Attorney General Eric Holder described what he termed as “informal conversations about the WikiLeaks matter” with PayPal, Visa, and Mastercard, the latter two having similarly suspended service to WikiLeaks.

As the first major cyber security case in the “post-WikiLeaks” world, former FBI director Robert Mueller used the indictment and Anonymous’s support of WikiLeaks to justify-increased budgets for cyber-security prosecutions. Muller told the House of Representatives Appropriations Committee in March 2012, “the Anonymous group referred to the DDOS attacks as Operation Avenge Assange and allegedly conducted the attacks in support of Wikileaks founder Julian Assange. The defendants are charged with various counts of conspiracy and intentional damage to a protected computer.”

Typically when a defendant pleads or allocutes to a felony the conditions of pretrial get worse. That is not the case here. The conditions cannot enlarge or worsen in any way.

If any of the defendants renounce their plea, however, the government can move to withdraw and the court can accept.
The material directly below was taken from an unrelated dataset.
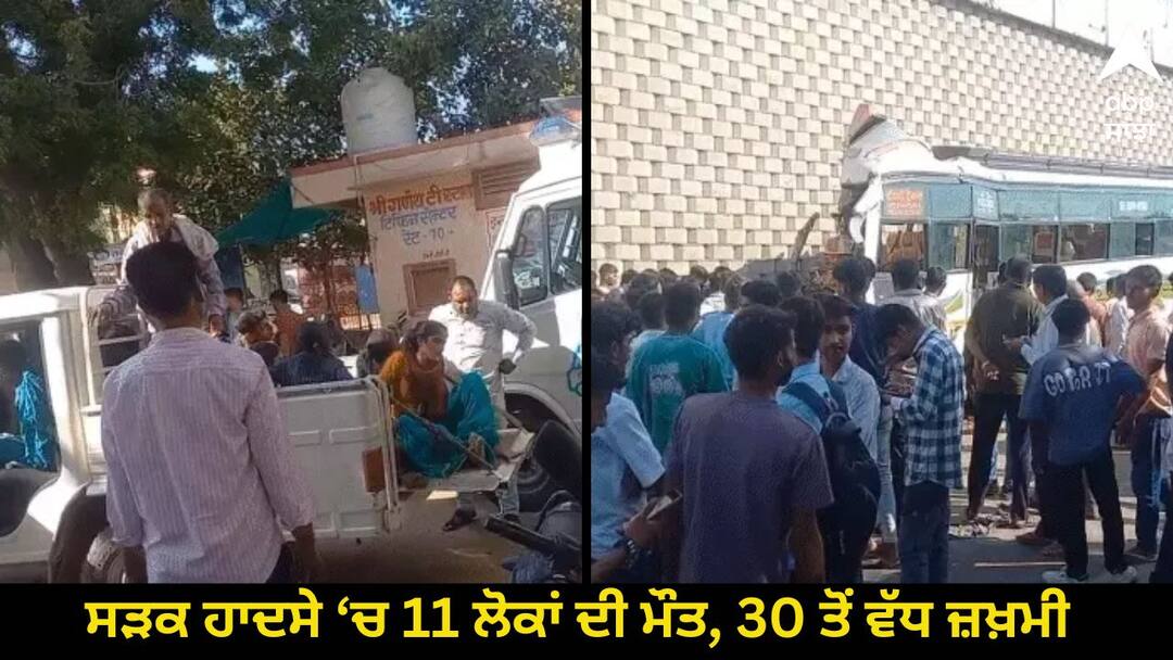 Road Accident: ਰਾਜਸਥਾਨ ਦੇ ਸੀਕਰ ਜ਼ਿਲ੍ਹੇ ਦੇ ਲਕਸ਼ਮਣਗੜ੍ਹ ਵਿੱਚ ਇੱਕ ਨਿੱਜੀ ਬੱਸ ਇੱਕ ਪੁਲੀ ਨਾਲ ਟਕਰਾ ਗਈ। ਇਸ ਹਾਦਸੇ 'ਚ 11 ਲੋਕਾਂ ਦੀ ਮੌਤ ਹੋ ਗਈ। 30 ਤੋਂ ਵੱਧ ਲੋਕ ਜ਼ਖਮੀ ਹੋ ਗਏ। ਜ਼ਖ਼ਮੀਆਂ ਨੂੰ ਇਲਾਜ ਲਈ ਲਕਸ਼ਮਣਗੜ੍ਹ ਤੇ ਸੀਕਰ ਦੇ ਹਸਪਤਾਲਾਂ ਵਿੱਚ ਲਿਜਾਇਆ ਗਿਆ।

Stanley Cohen, counsel to Mercedes Rene Haefer, one of the defendants, said, “The PayPal 14 are like civil rights fighters or the freedom riders of the 1960’s. They are saying, ‘I did what I did with open eyes, knowing that I could get prosecuted. It happened. I knew what the consequences were, and the consequences came. I stand behind what I did. I did not cooperate with the government, and I did not roll over. I did this so that others could understand how corporations control the dialogue and the debate.”